By Emily Jacobs
Source: The New York Post
As Iran takes its seat on the United Nations’ top panel on women’s rights, former political prisoner Shaparak Shajarizadeh slammed the appointment in an interview with The Post, citing her experience in her home country as a warning to the international body.
Shajarizadeh, an Iranian women’s rights activist who fled the country in 2018 after being to prison twice, said not only has the country not “changed any misogynistic laws” since first working with the UN panel in 2010, but has “put more pressure on women’s rights activists, and in general on women.”
During her 42 years in the Islamic Republic, Shajarizadeh was arrested three times and actually sentenced to prison twice for protesting the country’s restrictive modesty laws requiring hijabs be worn by women when outdoors, in their cars or in any photos that appear on social media.
“I’m trying to be the voice of … my friends or other women inside [Iranian] prisons,” Shajarizadeh said before noting that her three arrests occurred “within three months” of each other.
The activist described her time behind bars, saying, “From the moment you get arrested, they do their best to break you.”
Shajarizadeh said she was only a victim of physical abuse once, saying she was “beaten up badly” for talking back to guards when their sexual harassment and taunting became too much to bare.
After that encounter, she said, she realized that “there’s no one there to help you because you’re not allowed to contact your lawyer or your family, and they keep telling you you’re alone and nobody’s here to help you. They try to wreck you.”
After the country’s 1979 Islamic Revolution, Iranian women were stripped of fundamental rights, some of which they previously had under the Shah.
Women are not permitted by the government to have certain jobs, and must remain covered in public as a result of mandatory headscarf laws.
Daughters are under the supervision of their fathers, and wives are to follow the orders of their husbands. This means not going outdoors without spousal permission.
Aside from being forced to wear hijabs and lacking basic freedoms, women in Iran have no laws protecting them from spousal abuse or forced marriages.
Federal law in Iran permits a 13-year-old to marry, and they require parental consent if the child is to be married any younger than that.
The flurry of regressive and dangerous policies make the country an odd choice to lead on women’s issues for the UN.
Last Tuesday, the UN’s Economic and Social Council elected Iran — along with China, Japan, Lebanon and Pakistan — to the Commission on the Status of Women, the principal team handling “the promotion of gender equality and the empowerment of women.”

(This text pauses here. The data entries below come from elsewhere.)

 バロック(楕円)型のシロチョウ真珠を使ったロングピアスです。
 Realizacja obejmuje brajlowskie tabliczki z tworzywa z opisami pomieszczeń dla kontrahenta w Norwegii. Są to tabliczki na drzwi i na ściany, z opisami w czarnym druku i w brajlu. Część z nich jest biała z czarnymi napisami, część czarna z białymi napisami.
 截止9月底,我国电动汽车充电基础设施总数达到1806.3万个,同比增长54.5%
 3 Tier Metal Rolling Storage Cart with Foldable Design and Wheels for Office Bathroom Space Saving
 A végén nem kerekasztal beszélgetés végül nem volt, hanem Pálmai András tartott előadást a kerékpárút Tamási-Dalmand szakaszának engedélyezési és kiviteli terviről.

China and Japan were already commission members, and last week’s vote marked their re-elections.
Iran had been elected to the body previously — in 2010 — but was not a sitting member when it was re-elected last week.
Shajarizadeh went on to say that she had received a considerable amount of positive feedback from other women’s rights activists around the world to her protest of Iran’s treatment of women.

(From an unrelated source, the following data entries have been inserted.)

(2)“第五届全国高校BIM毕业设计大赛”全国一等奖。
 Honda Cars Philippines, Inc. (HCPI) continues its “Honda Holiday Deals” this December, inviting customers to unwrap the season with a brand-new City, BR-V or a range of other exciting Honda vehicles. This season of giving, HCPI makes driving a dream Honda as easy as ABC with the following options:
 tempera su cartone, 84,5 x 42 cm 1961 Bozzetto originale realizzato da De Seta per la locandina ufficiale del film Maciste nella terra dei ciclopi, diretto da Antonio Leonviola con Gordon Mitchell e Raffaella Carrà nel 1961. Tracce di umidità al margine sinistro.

“We don’t know which countries voted for Iran, but we’re gonna hold them accountable for this vote,” she pledged of the UN member states which voted to elect Iran to the council.
As for those working at the agency, just last month, Javaid Rehman, UN special rapporteur on human rights in Iran, slammed the nation’s treatment of women.
“[E]gregious gender-based discrimination persists in law, practice and societal attitudes, disempowering women and girls from participating and contributing in society,” Rehman said in his annual address to the Human Rights Council, noting “some positive steps” for Iranian females in education and other rights.